Senior author Takaki Komiyama said, “When you have two coffee shops to choose from, no one is telling you which one to go to—you rely on the internal value in order to choose one over the other. How the brain maintains this value information—and how it might be different in healthy and disease states—could be relevant in clinical applications.”

During the study published in the journal Cell, scientists imaged more than 500 neurons across six brain regions in mice. The subsequent information trove of more than 45,000 recordings that enabled them to look at how value-related data is processed in each brain region. This vast data set led them to the RSC, an area in the outer layer of the cerebrum known as the cortex, which connects a range of brain networks and functions.

Komiyama said, “We found that the RSC, which previously had not been studied in the context of value-based decision-making, showed the strongest value information most persistently over time. These were unique characteristics.”

To reach the conclusion that RSC is used for decision-making, scientists inactivated the RSC using a technique called optogenetics, which uses light-activatable proteins to manipulate neural activity. Scientists found that the mice did not remember what happened in previous experiences.
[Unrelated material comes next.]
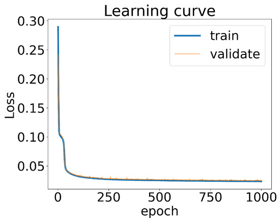 We partitioned 70% of the total datasets as the training data, while the remaining 30% of the datasets served as the validation data. By treating as the inputs for the CNN and the parameter values as labels, we could calculate the loss of the CNN for both the training and validation datasets. The learning curve shown in Figure 3 demonstrates that the loss decreased to below 5% after 250 training epochs. Notably, the loss of the CNN for the training datasets closely aligned with the loss observed when using the validation datasets. This indicated that the CNN model did not exhibit significant overfitting or underfitting.

Lead author Ryoma Hattori said, “Basically, we made the mice forget the recent history by inactivating this particular RSC area.”

Scientists are now studying the way the RSC communicates with other brain systems to establish and maintain value-based activity patterns.

Komiyama said, “Science’s recent capacity to record and study massive data sets opens new windows to our understanding of basic neurological functions.”

“Previously these types of experiments were with one neuron at a time, which was simple to analyze. Technological advances are allowing new experiments with thousands and thousands of recordings of neuronal activity that can be related to various features of behavior. I’m sure we’re still just scratching the surface of these complex data so the next new challenge has become big data analysis.”